Sliding the paddle into the water, she swiped it toward the back.
Henry responded with swift, wordless motion, as if they one-two paddled every afternoon.
The boat glided from its garage without argument.
“Let’s try the island,” Ellie yelled back, though there was no need to shout: neither powerboats nor spray-spritzing Jet Skis were allowed on Lake Kasteel, much to the dismay of unsuspecting vacationers who paid a New York fortune to rent four bedrooms on the waterfront and wound up with nothing noisy to do with the kids. “Maybe he decided to read.” When the girls had been young and there was too much commotion, Edward frequently escaped to the uninhabited island (“Squirrels only,” he’d remark) with a flask full of schnapps and a decent book. Dickens. Hemingway.
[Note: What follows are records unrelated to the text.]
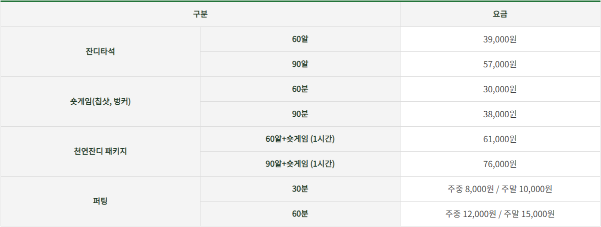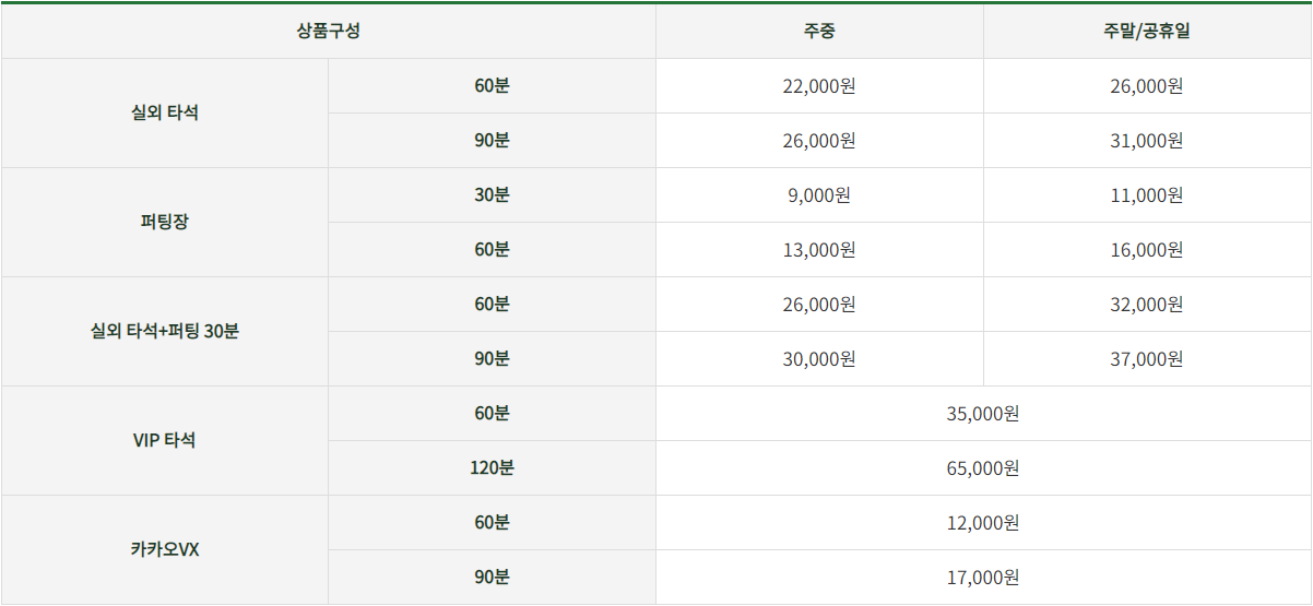 솔트베이 연습장 요금표입니다!
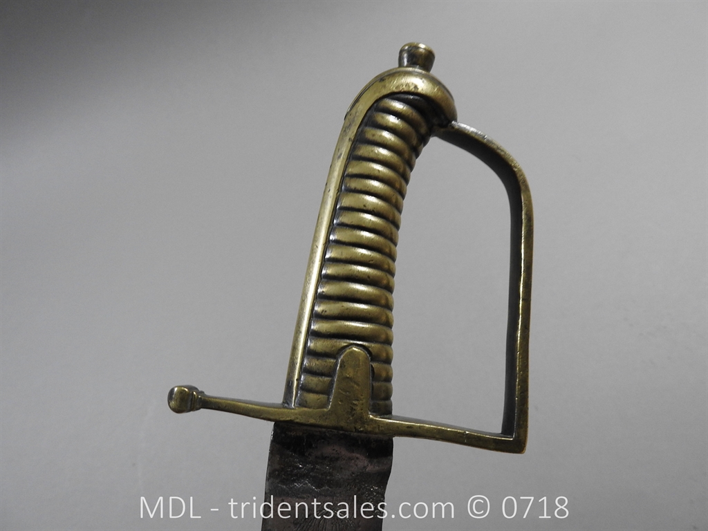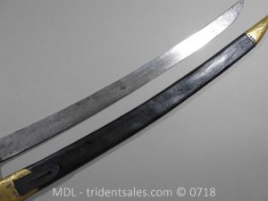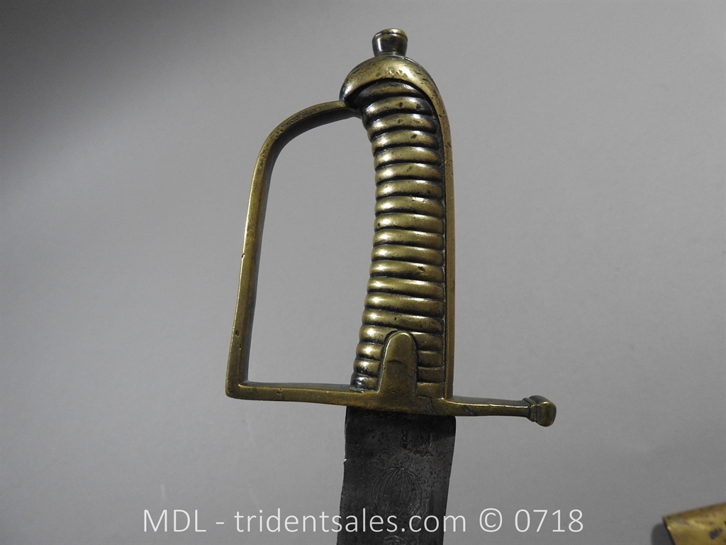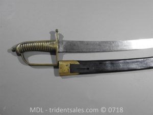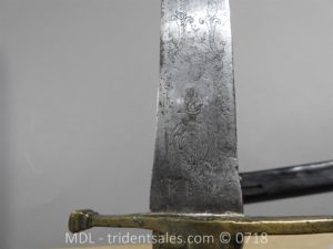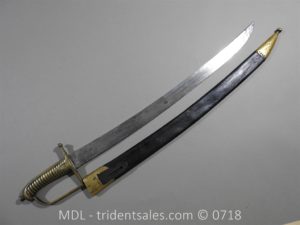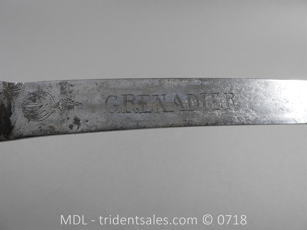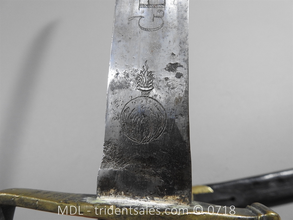 Brass one piece ribbed grip, crossguard and pommel. Steel single edged blade, with flaming grenade and scrolled crest of Louis XV plus R.B. on one side and flaming grenade and ‘Grenadier’ on the other side. The back edge of the blade marked Mture Rle D’alsace ( Became Klingenthal after 1768) In its brass mounted black leather scabbard, locket with securing strap rather than a stud and chape has a ‘ball’ tip. Length 722mm Blade 585mm.
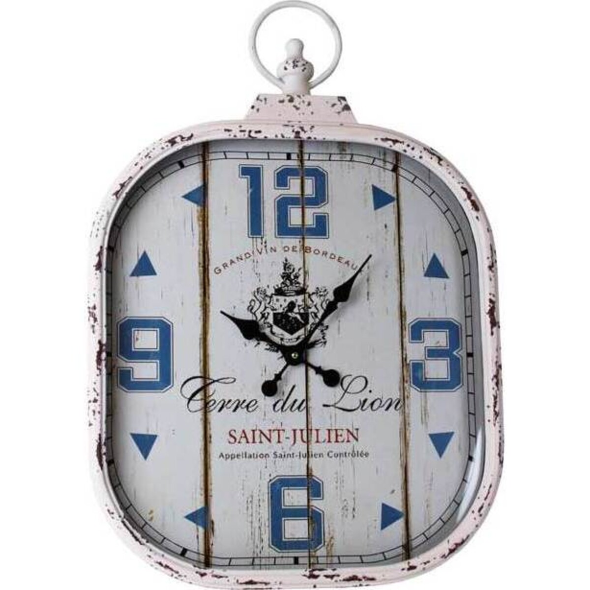 Oblong in shape - about 67 cm in height and 45 cm in width, this clock packs in regal good looks that will blend in easily with decor styles that are period or vintage feel. The clock comes with a deep - set rim and an outer rim moulded from metal and given a rusty feel on the inside to build in the antiquated looks. The Words - Grande Vin De Bordeaux instantly transports one to wine country, pubs and chateaux of the south of France and the inimitable romance of the vineyards and their many tales. The pretty cornflower blue in the numbers look faded and dulled with time and is carefully created to make it look vintage. The upper rim has this little slot éa ring which perhaps allows one to hang the clock if need be.
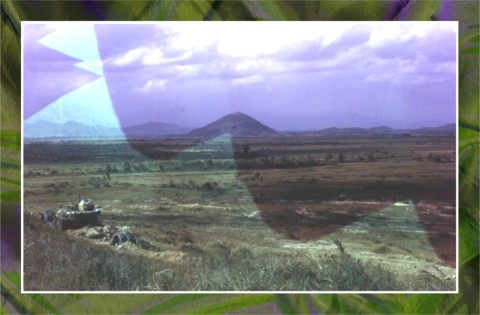 Hill 4-11 looking SE; believed to be remains of old French Fort, Oct 69.
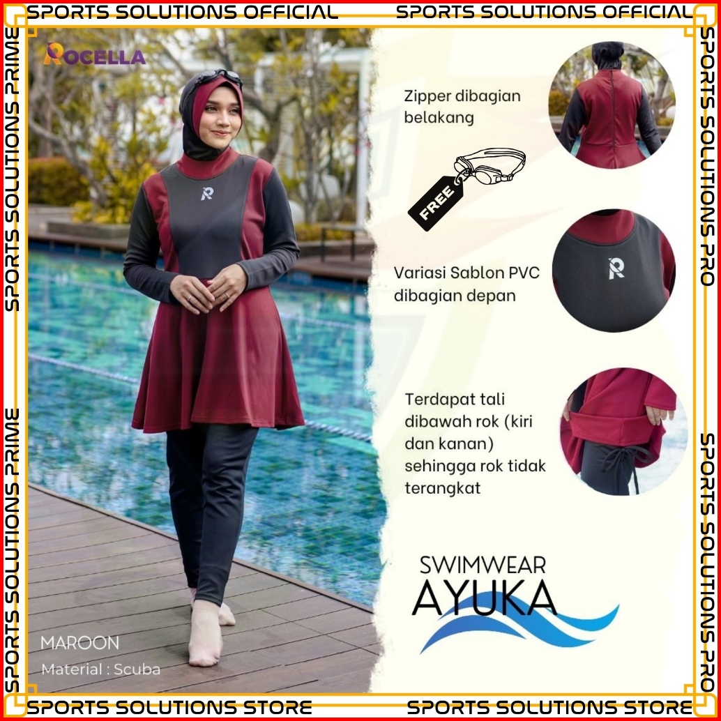 Baju Renang Muslimah - Baju Renang Wanita Muslim - Baju Renang Muslimah Hijab - Baju Renang Dewasa Muslimah Rocella Swim
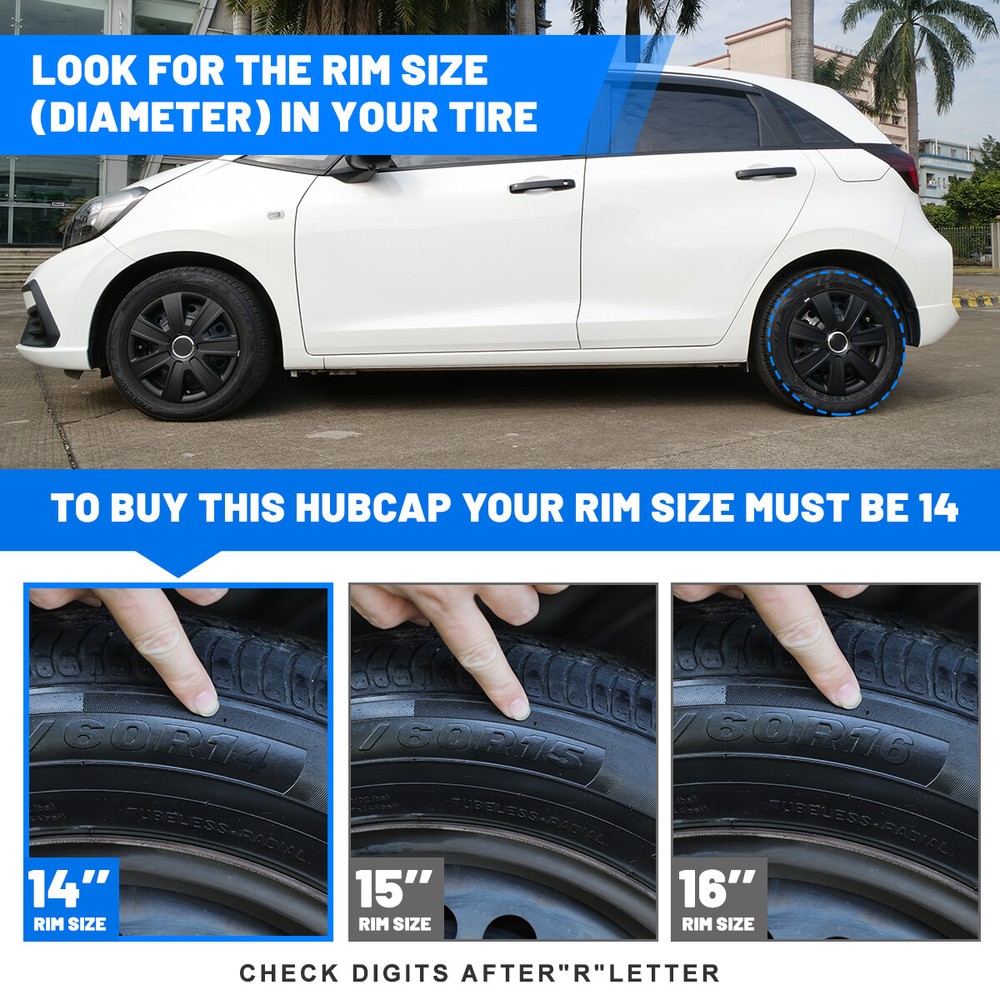 Head Lights Tail Lights Fog Lights Turn Signal Bumper Fender Flare Inner Fender Hubcaps Refrigerator Other Items for sale Head Lights Tail Lights Fog Lights Turn Signal Bumper Fender Flare Inner Fender Liners Portable Refrigerator 4PCS Black Matte 14'' Hubcaps For Toyota Nissan Chevy Wheel Covers Snap On R14 Features: Universal Fit - Design for 14" wheel hubs. Please know that and check your wheel before purchase to ensure fitment. Protect Your Wheels - Keep your vehicle looking sleek and new with these universal-fit hubcaps that offer reliable protection against scratches, dings, and other types of damage. Durable - Made from high-quality ABS materials, these hubcaps are built to withstand the rigors of daily use, keep your vehicle looking great for years. Stylish - Upgrade the look of your car or truck with these sleek hubcaps to enhance the appearance of your vehicle. Easy to Install - Designed to fit most standard wheel size, these hubcaps can be quickly and easily snap on your wheels without the need for special tools, making them a great choice for busy vehicle owners. Specification: Type: Wheel Hub Caps Color: Black Matte Compatible Wheel Diameter: 14 inch / R14 Features:Car Wash Safe, Easy to Install, No Tools Required Material: ABS Number in Pack: 4 Wheel Type: Steel Placement on Vehicle: Front, Left, Rear, Right Package Includes: 4* Wheel Cover Hubcaps Payment Shipping Return About us Contact us Payment Appreciated for the prompt payment, Contact us if bid by mistake, system open unpaid item automatically. Payment must be complete within 3 days from the date you purchase or after the end of auction. Items unpaid within 3 days of the auction end will be forfeited. We reserve the right of cancel the order and re-selling the items. Shipping All shipment will ship by UPS or USPS . All items will be ship within 1 working days , and we will ship out all orders as soon as possible after payment verified, please allow up to 1-4 business days for delivery. CANADA & International customers please note: your government might charge a duty tax (brokerage fees). We do not responsible for any custom duty or import tax. Why Choose the US Stock? 1. Us Local Shipping, No Extra Customs Cost to the US. 2. Fast Delivery: 1-4 Working days Delivery. 3. Best After-Sales Service!!! Return The buyer is responsible for all return shipping including a result of customer error or defective item. 1) If you received an incorrect, damaged, defective, or item not as described, contact us for full refund or replacement on our cost. 2) If you want to return the item, please contact us within 60 days after package received. Return products must also be in its original condition: including box, packaging and all other accessories. About us We are the best auto parts, we have been pursuing excellence, continuous exploration as the slogan, let customer satisfaction is our purpose! We adhere to the United States local delivery, one year warranty! Welcome! Contact us How Should You Contact us? Please Read The Item Description And See if The item Fits Your Vehicle Exactly. If You Found Any questions, Feel Free to email us by "Ask a question" Our Office Hours Are Monday - Friday 8:00am - 5:00pm PST / 11:00am - 8:000pm ET, We Do Not Answer Any E-Mails On Weekend, And We Will Reply All E-Mails In The Order It Was Receive. All E-Mail Take Us Around 24 Hours To Respond To Any E-Mail. We Are Close During The Weekends And We Do Not Answer Any E-Mails During That Time. Brand AUTOWIKI Type Hub Cap Features Easy to Install, Lightweight, No Tools Required, Unique design Compatible Wheel Diameter 14 in Number in Pack 4 Placement on Vehicle Front, Left, Rear, Right OE/OEM Part Number Does not apply Color Sliver & Black Manufacturer Part Number Does not apply Material ABS Plastic Manufacturer Warranty 1 Year Country/Region of Manufacture United States Finish Lacquer Performance Part Yes Universal Fitment Yes Installation Type Snap-On Model 14 in Universal Hubcap
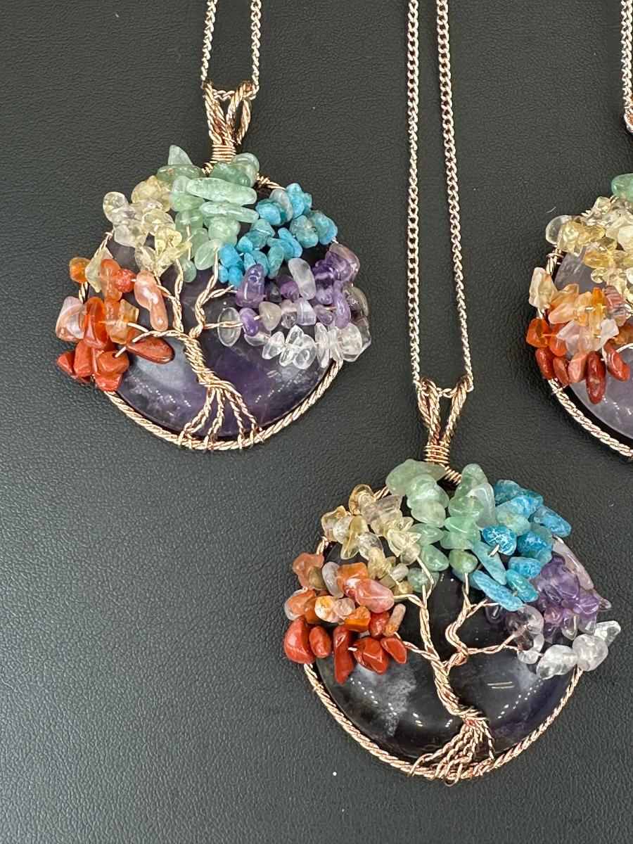 1. Amethyst Mix Gemstone Tree Of Life Necklace Lot
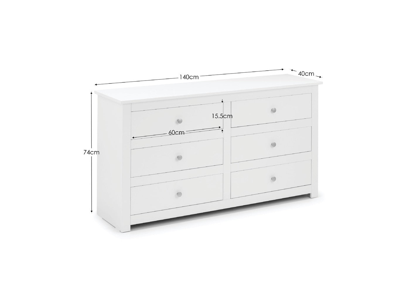 The Radley 6 Drawer Chest by Julian Bowen is a practical chest of drawers designed for everyday use. It offers functional storage while maintaining a clean and versatile appearance. It is available in Surf white and Anthracite.
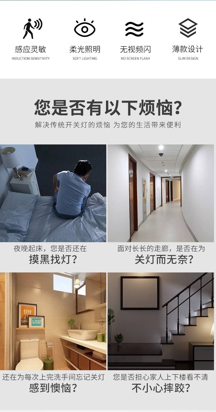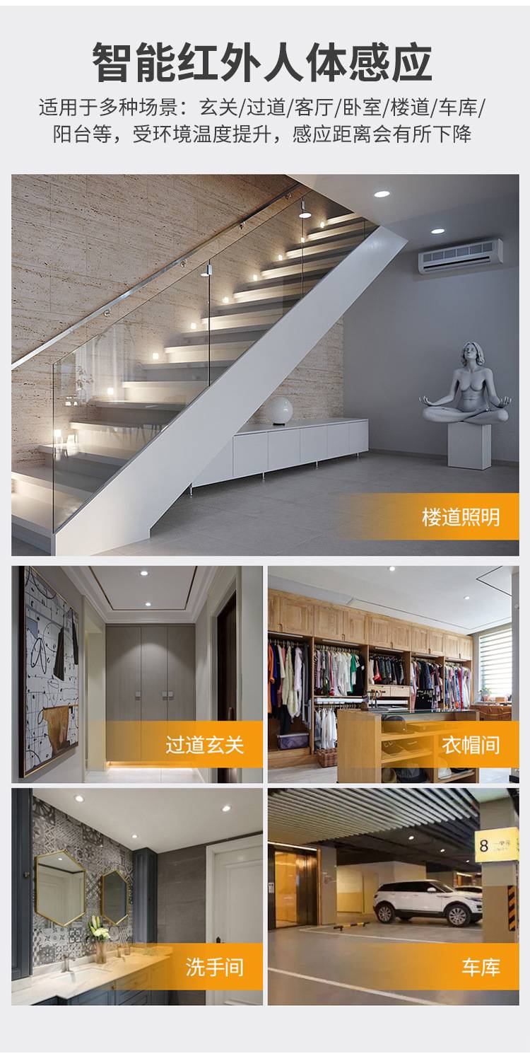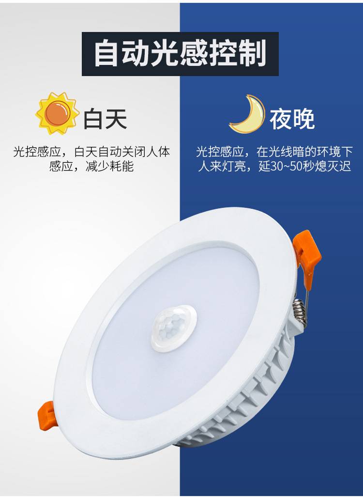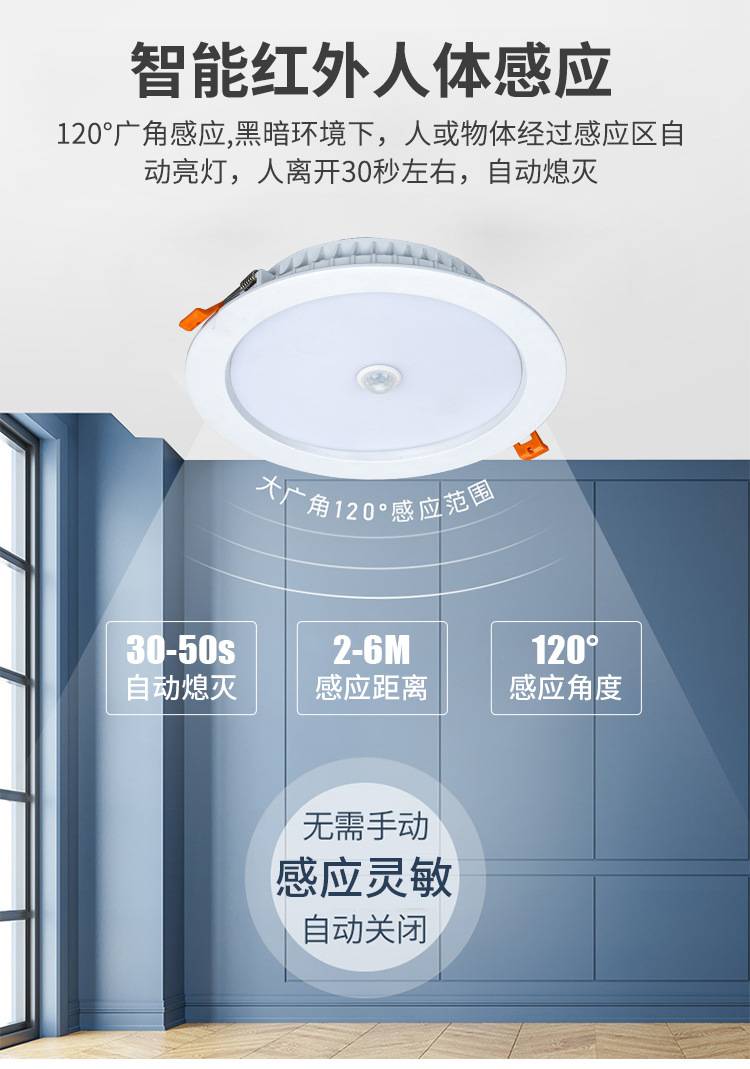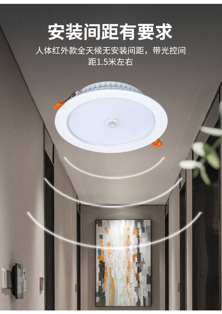 批发超薄红外人体感应筒灯暗装洞灯嵌入式天花灯走廊过道酒店感应
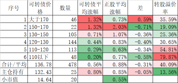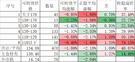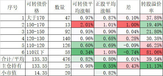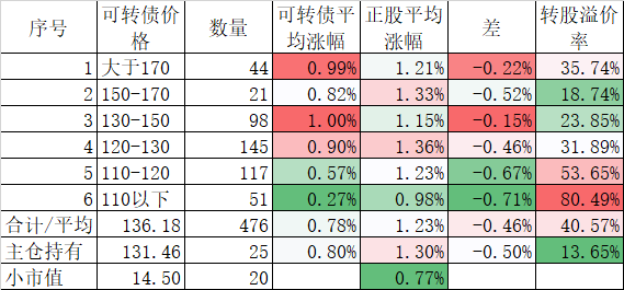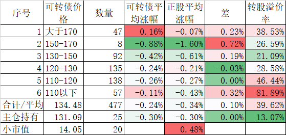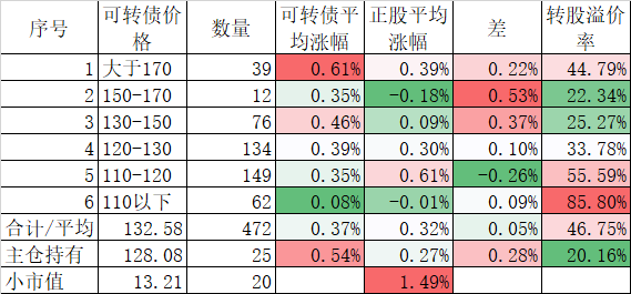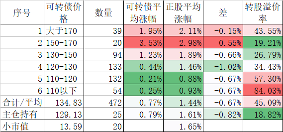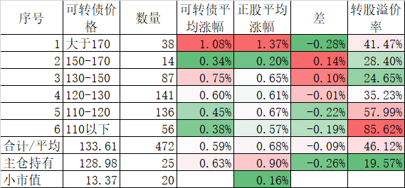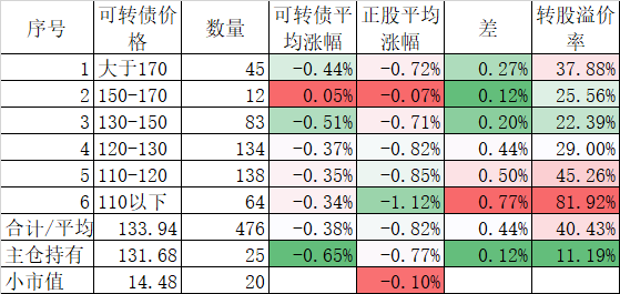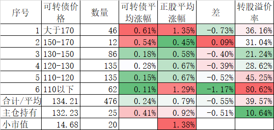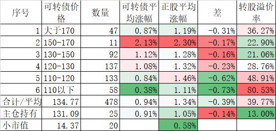今天虽然可转债上涨的不错,但相对指数还是弱。471只可转债对应的正股平均上涨1.15%,可转债平均上涨0.83%。

Someone like that.
“He should know better than to go boating alone,” Henry said, his jaw clearly clenched.
“If his intention was to go to the island to read, he wouldn’t have considered it boating.”
The reply sounded like
harrumph
.
“Besides, the boat has a life preserver,” Ellie added, because she didn’t want Henry to worry about that. He did, she supposed, really care about Edward. Why else would he have stayed long after the lights had gone out on Edward’s career?
Extinguished,
Edward had once called it matter-of-factly.
Like a last gasp before death.
Ellie shivered a little and pushed on the paddle again.